А сама порылась в шкапчике, вынимает маленькое зеркало и ложит его перед большим, да так, чтобы большое в маленьком отражалось, а маленькое в большом. Положила так, и ну что-то наговаривать. Пошепчет-пошепчет, да и посмотрит в большое зеркало. Наконец подзывает Степана и говорит:

- Видишь, в большом зеркале маленькое отражается, а в том маленьком большое, вот туда и смотри.

Глянул Степан, а она его и спрашивает:

- Узнаешь это место?

- Узнаю – это ведь то болото, что в девяти верстах от кладбища, с дорогой рядом.

- Вот там и ищи своего сына, а ко мне больше не ходи.

На следующее утро, чуть рассвело, запряг Степан лошадь и поехал на болото. Только стал подъезжать, как послышался ему вдруг детский плач. Прислушался Степан – Алешкин голос. Смотрит Степан по сторонам – понять ничего не может: голос слышно, а откуда он идет – не разберешь. А кругом такая топь, что шагу ступить нельзя. Вернулся Степан в деревню, собрал мужиков и скорее обратно на болото.

Да только напрасно все. Мужики везде, где можно было только, бродили, аукались, да так никого и не нашли.

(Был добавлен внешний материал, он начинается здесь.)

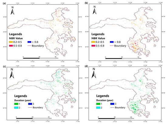 More than one-third of the area of planted (37.5%) or natural (35.8%) forests was highly disturbed. About 60% of forest disturbances were of lower intensity regardless of planted or natural forests (Figure 6a,b). High-intensity disturbances in natural forests occurred in the south of Saihanba, with a denser spatial distribution than that for planted forests in the north. The duration of forest disturbances was mostly 1 to 3 years in terms of planted or natural forests (Figure 6c,d).

Голос все слышат, а откуда он – никто понять не может. Так ни с чем и вернулись. Сочувствовали конечно все Степану, сына ведь потерял, да что поделаешь, судьба такая, видать.

Только с этой поры не стало на той дороге покою. Днем ли кто мимо болота едет, ночью ли, ан слышится проезжему, что кто-то на болоте плачет. Да жалобно так, что аж все внутри переворачивается. Боязно людям стало по той дороге ездить. Ден десять они терпели, а потом собрались всем миром и пошли к попу. Там, мол, и так, батюшка, помоги, на тебя вся надежда. А поп отказывается на болото ехать, боится. Насилу уговорили. Приехали, значит, на болото, а плач-то все жалобней звучит. Поп струхнул не на шутку, но все же перекрестился и давай службу служить. А голос то все громче звучит. А поп знай себе, молитвы читает да опахалом святую воду по сторонам разбрызгивает. А как только закончил службу – плач и прекратился, и тихо так стало, спокойно…

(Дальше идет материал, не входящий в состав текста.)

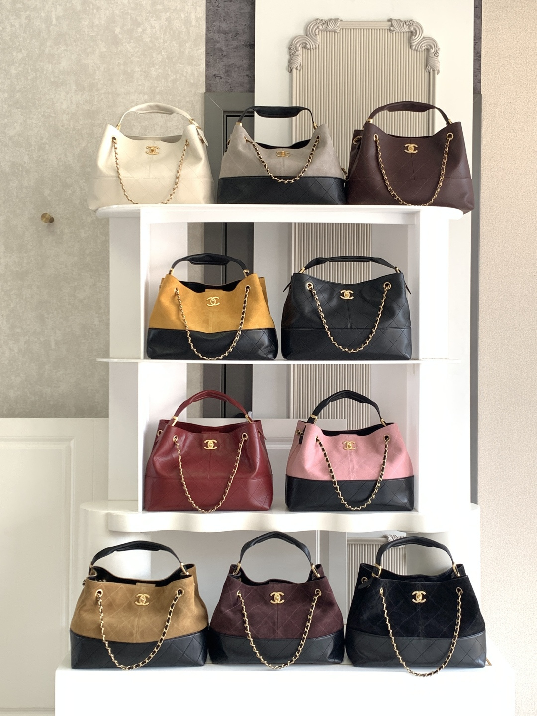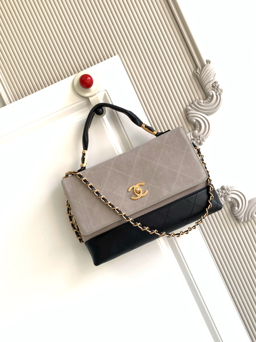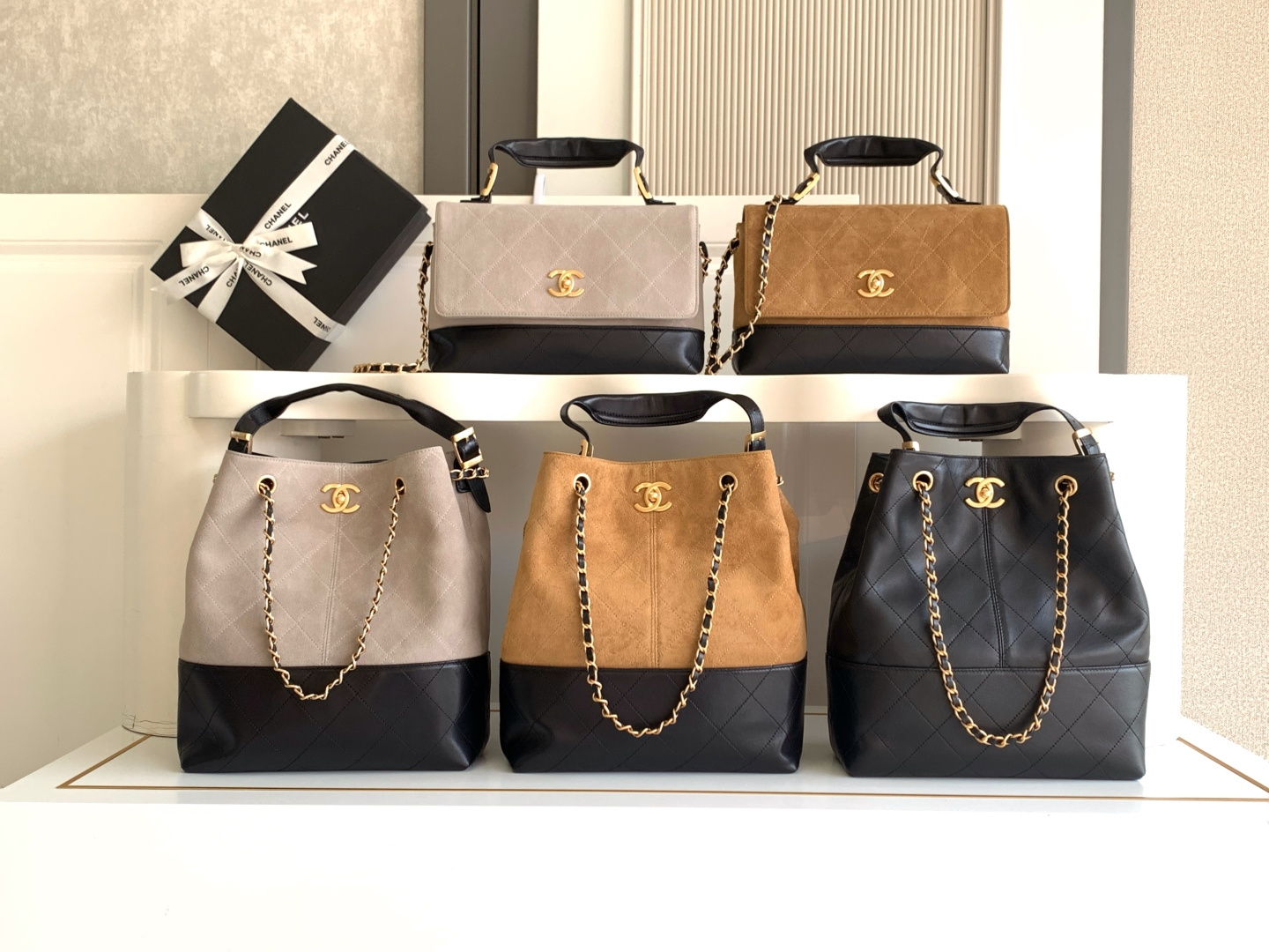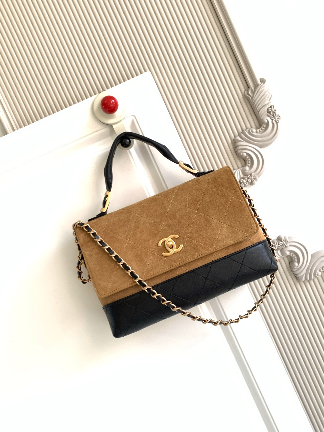 970 AS5634 CHEANL Chanel’s classic color-blocked tote bag, suede and leather collide, and the black gold chain adds sophistication. The

А Степан – то Тузов снова запил, с горя. Никак места себе найти не может. Хорошо, что хоть жена у него толковая была, с пониманием – не ругала. Она -то ведь тоже сама не своя была после всего этого. Все уговаривала Степана к бабке Агафье сходить, мол, помогла один раз, так может и сейчас поможет. Да он бы и сам рад, а как пойдешь, коли, та не велела. Вот и пил.

Раз идет он вечером пьяный мимо гумна и вдруг слышит – плачет кто-то. Хоть и пьяный он был, а испужался. Прибежал в деревню и соседям рассказывает. А те смеются:
- Выпил ты, Степа, лишнего, вот тебе и мерещится.

Пошел тогда Степан к бабке Агафье, не смотря на ее запрет. Приходит, а она на пороге стоит, словно знает, что он придет:

- Ну, зачем пришел? Я ведь говорила, что не надо тебе ко мне ходить.
Он ничего ей не отвечает, стоит и молчит. Посмотрела она на него, посмотрела и говорит:
- Ну, проходи в дом, коли пришел. Что, сробел, значит, возле гумна-то?
- Сробел, бабушка, - признался Степан.

- Молодец, что правду говоришь, подойди-ка сюда.

Степан подошел, а она прошептала что-то, плюнула ему на голову и сказала сердито:
- Запрягай сейчас лошадь, поезжай на гумно и забирай себе, что в сене найдешь. А как вернешься, на глаза мне не смей попадаться, а еще лучше – уезжай из деревни. Зла я на тебя больно. Мне из-за тебя и так худо будет.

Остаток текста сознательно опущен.